# Comment mettre la page d'accueil Mac en français?



## Gwladys (17 Juillet 2009)

Ayuda, j'ai un MAC OS X version 10.5.7 et lorsque je lance SAFARI la page d'accueil est en anglais  et je voudrai la mettre en français.
Merci


----------



## Anonyme (17 Juillet 2009)

bonjour, 
il faut télécharger un patch français pour safari (Safari4FichiersLangue.zip par exemple)


----------



## alaincha (17 Juillet 2009)

Gwladys a dit:


> lorsque je lance SAFARI la page d'accueil est en anglais



Il me semblait que dans les préférences de Safari (onglet "Général") on pouvait choisir la page d'accueil souhaitée.

En anglais, en russe, en français, en croate, ou en verlan.
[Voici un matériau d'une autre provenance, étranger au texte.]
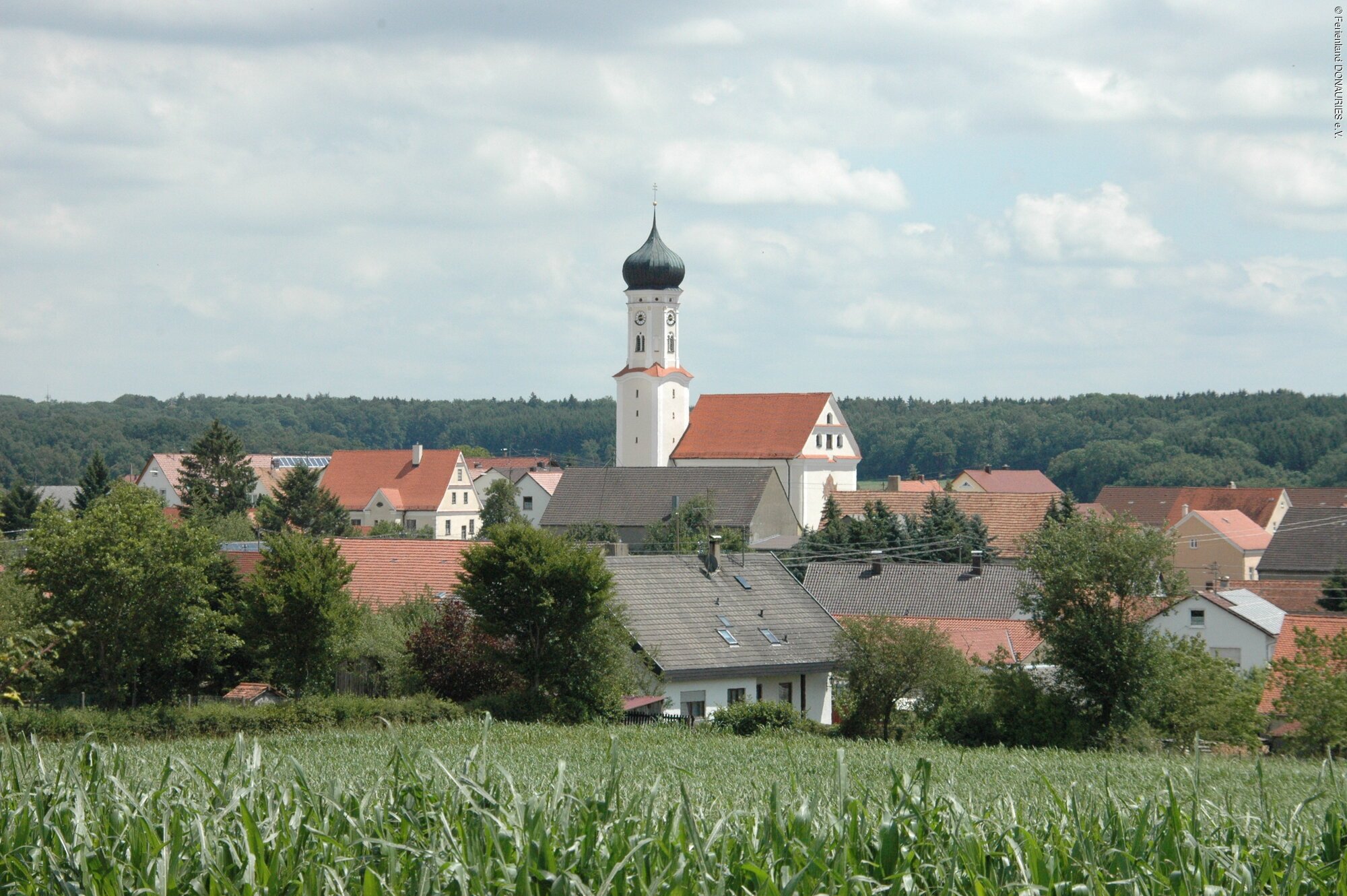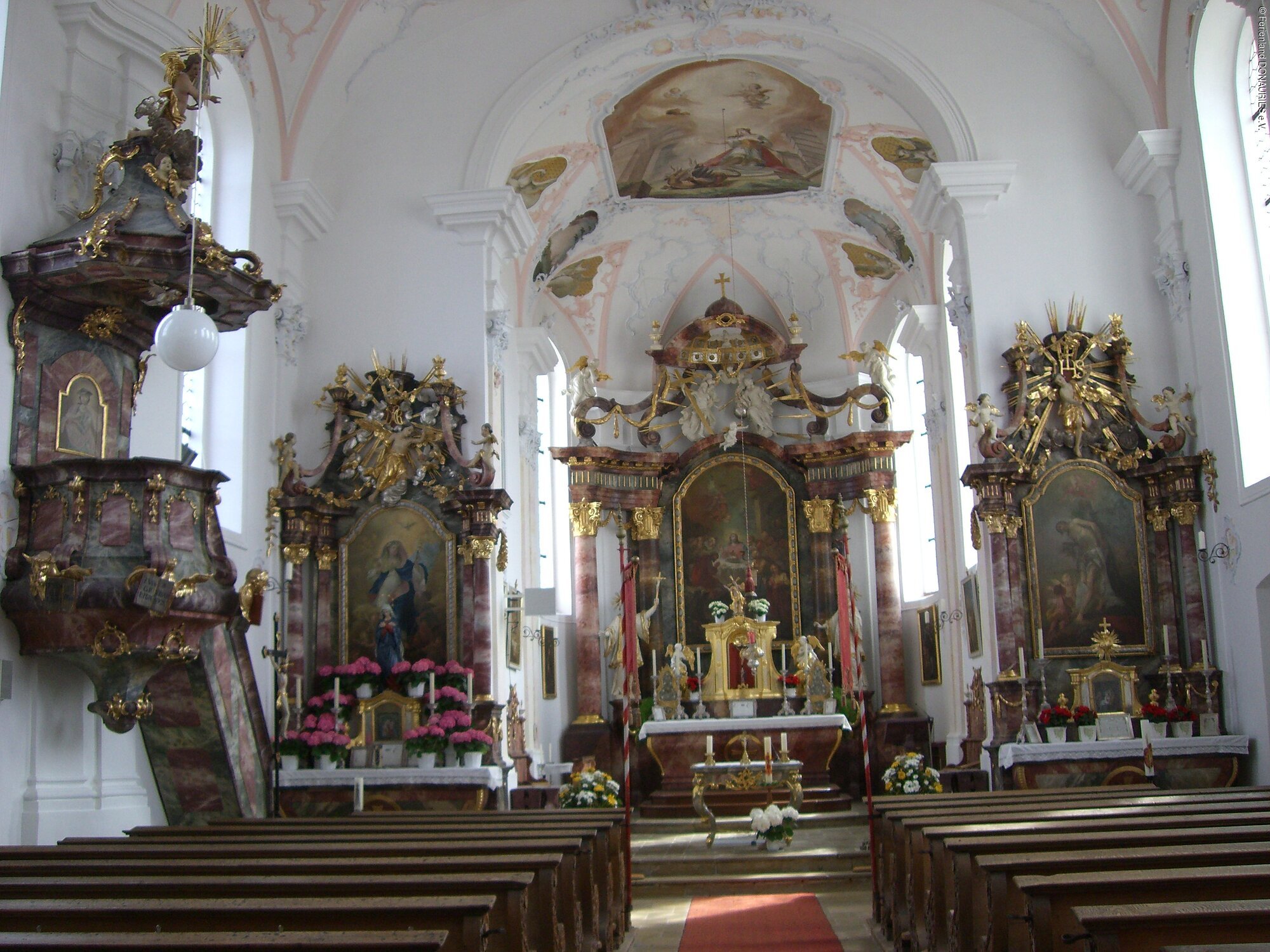 Der Kaisheimer Abt Cölestin I. Meermoos ließ den für die dörflichen Verhältnisse stattlichen, einschiffigen Bau unter Verwendung des spätgotischen Turmuntergeschosses um 1756/57 im reinsten Stil der Zeit errichten und ausstatten. Besonders erwähnenswert sind die eleganten Stukkaturen, prächtigen Deckenfresken sowie die klassizistischen Hoch- und Seitenaltäre mit Gemälden von Johann Baptist Enderle.
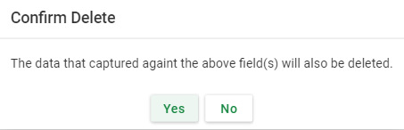 If information has been processed for the field that you want to delete, you will receive a pop-up notification to confirm the deletion of the field.
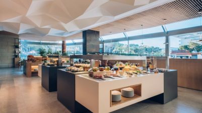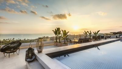 На територията: Освен с невероятните гледки към Средиземно море от панорамната и слънчева тераса, хотелът разполага с основен ресторант със сутрешен бюфет и разнообразие от барове включително рууфтоп бар , пуул бар, снак бар и кафене. За релаксация хотелът предлага с 3 басейна - басейн на покрива със зашеметяваща гледка, закрит басейн, утопляем басейн и джакузи. Спа центърът разполага със сауна, парна баня и възможност за различни масажни процедури. В хотела има и добре оборудван фитнес център плюс зала за допълнителни тренировки. Хотела предлага възможности за наемане на автомобили и велосипеди.
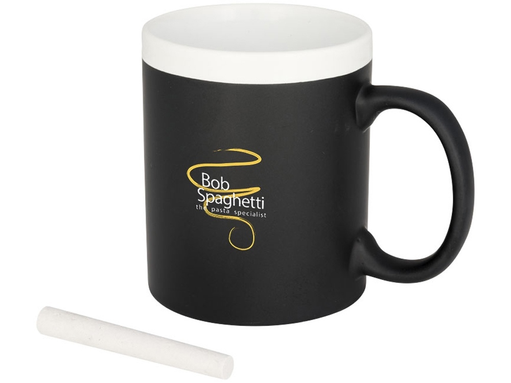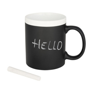 Кружка объемом в 300мл имеет особое покрытие, на котором можно рисовать мелками, тем самым меняя дизайн кружки каждый раз. Мел входит в комплект. Кружка соответствует требованиям EN12875-1. Представлена в белой картонной коробке.
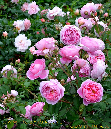 Эта роза Остина относится к парковым сортам. Куст достаточно высок — до 1,5 м, а его ширина 90 см. Его выгодно высаживать его у стен и заборов, при сильной обрезке подойдет и для переднего плана. Форма куста округлая, ветки приобретают форму дуг под тяжестью крупных (от 12 до 14 см) махровых цветков, напоминающих пион. Цвет лепестков насыщенно розовый, холодного оттенка. Лепестки слегка загнуты к центру чаши цветка, интенсивность цвета усиливается к центру. Наружные ветви куста сгибаются почти до земли, а внутренние удерживают более крупные розы в вертикальном положении. Отличие куста этого сорта в том, что бутоны смотрят вверх, а распустившиеся розы склоняются к земле. Это придает кусту вид каскада, равномерно со всех сторон украшенного розами. При первом цветении куст изобилует цветками, но они не слишком большого размера. При втором цветении роз меньше, но они крупные. Цветы источают нежнейший аромат розового масла, сладкого яблока и цитруса.
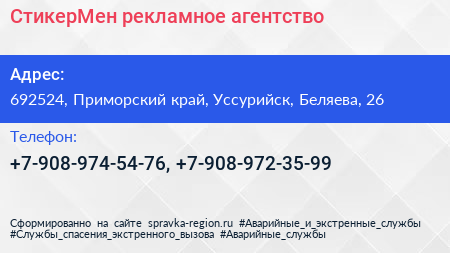 СтикерМен, рекламное агентство по адресу 692524, Приморский край, Уссурийск, Беляева, 26 в дальнейшем Организация, размещена в следующих категориях:
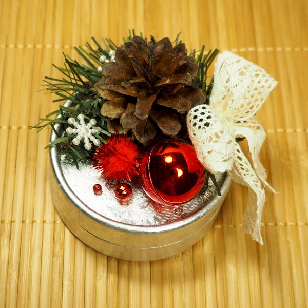 Коробочка картонная круглая серебряная с шишкой и бантиком TOV-0052 ручная работа 8х7 см
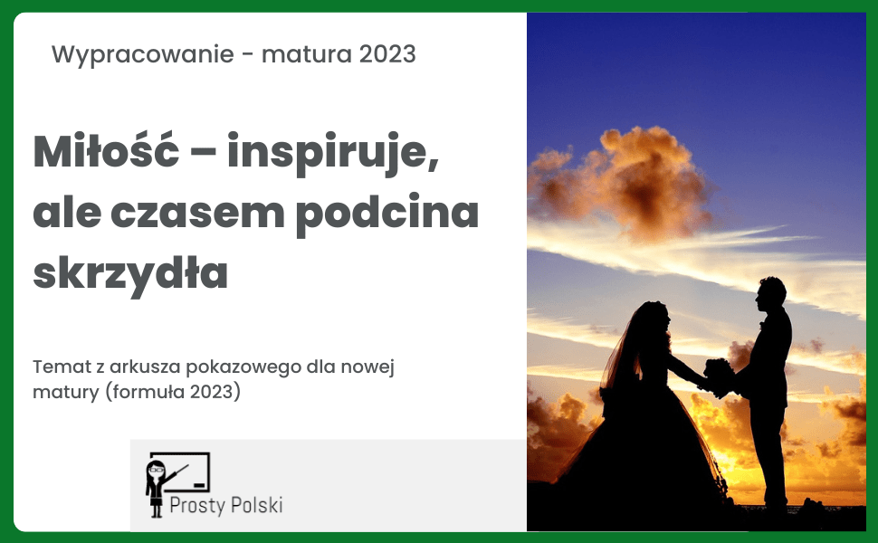 W moim sklepie możesz nabyć wzorcową rozprawkę maturalną (wypowiedź argumentacyjną) na temat: „Miłość – inspiruje, ale czasem podcina skrzydła”. Temat ten pojawił się (jako jeden z dwóch do wyboru) w arkuszu pokazowym dla nowej formuły matury, czyli matury obowiązującej od 2023 roku.
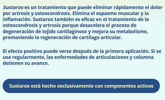 Para conseguir el efecto terapéutico deseado se debe utilizar el producto según las instrucciones de uso adjuntas Sustarox. El precio del producto lo hace accesible a todas las personas. Recuerde que el producto puede restaurar la funcionalidad del sistema musculoesquelético solo con un uso regular. Si se aplica una vez, sólo proporcionará un efecto temporal de alivio del dolor.
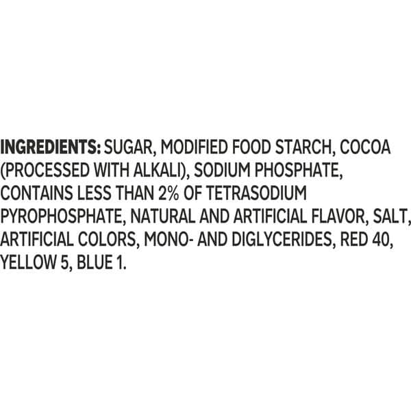 Sugar, Modified Food Starch, Cocoa (processed With Alkali), Sodium Phosphate, Contains Less Than 2% Of Tetrasodium Pyrophosphate, Natural And Artificial Flavor, Salt, Artificial Colors, Mono- And Diglycerides, Red 40, Yellow 5, Blue 1
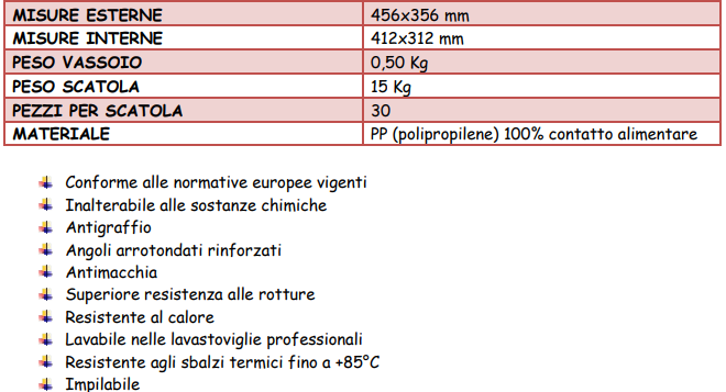 Con dimensioni 45,6 × 35,6 cm e un peso di 500 g, è impilabile e lavabile in lavastoviglie, perfetto per mense, catering e servizi collettivi.
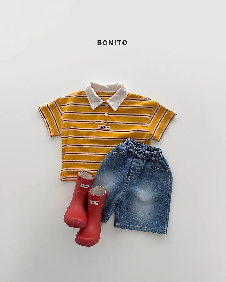 Bonito 橫條紋翻領T
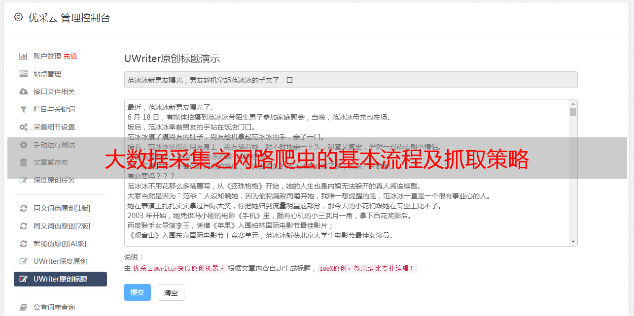 本篇教程阐述了大数据采集之网路爬虫的基本流程及抓取策略,希望阅读本篇文章以后你们有所收获,帮助你们对相关内容的理解愈发深入。
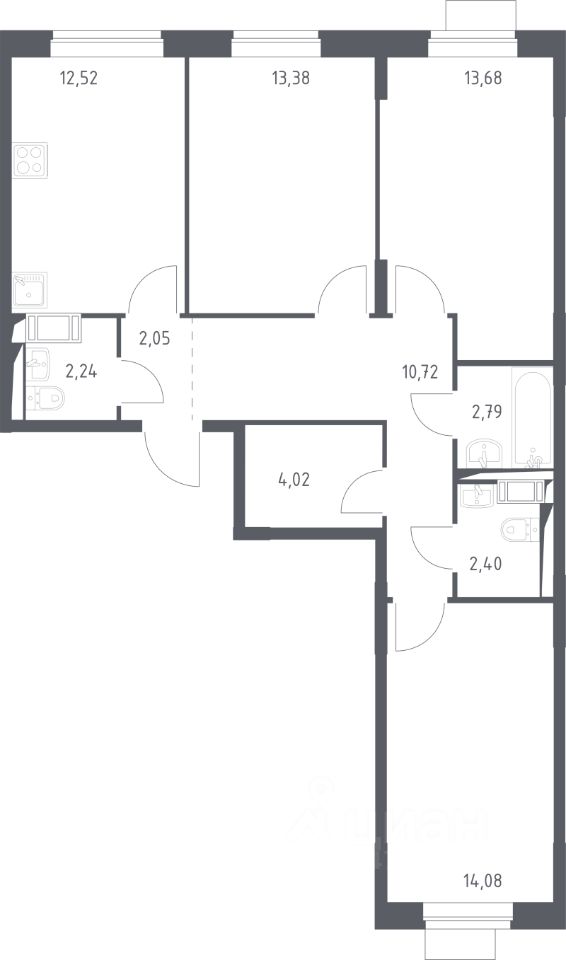 Продаётся 3-комнатная квартира в строящемся доме (Корпус 2.1), срок сдачи: II-кв. 2026, общей площадью 77.88 кв.м., на 7 этаже. Расположение, транспортная доступность
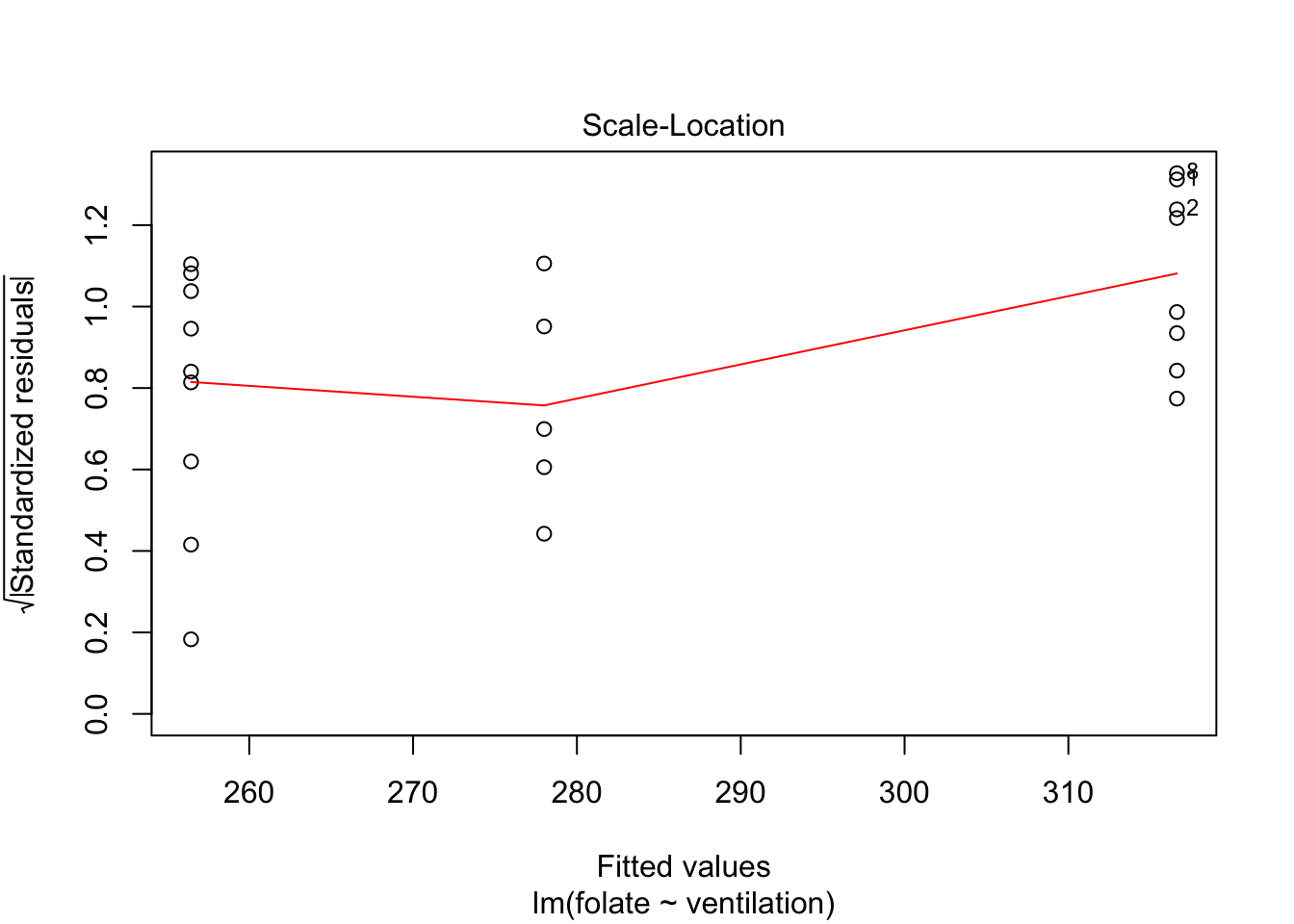 rcf.mod <- lm(folate~ventilation, data = red.cell.folate)

Ou pas de page d'accueil du tout.

Mais je n'ai sans doute pas compris la question.


----------



## lepetitpiero (17 Juillet 2009)

la page d'accueil tu mets ce que tu veux .. apple France... c'est ça que tu cherches je pense http://www.apple.com/fr/ puis tu vas dans les préférences de safari sous général  tu fais utiliser la page active


----------



## wath68 (17 Juillet 2009)

Dans les préférences de Safari, tu mets ce que tu veux en page d'accueil.
Par exemple : http://www.google.fr.

Après, si tu mets une adresse étrangère c'est normal que tu auras une langue différente du français.

Ou alors pareil, je n'ai sans doute pas compris la question.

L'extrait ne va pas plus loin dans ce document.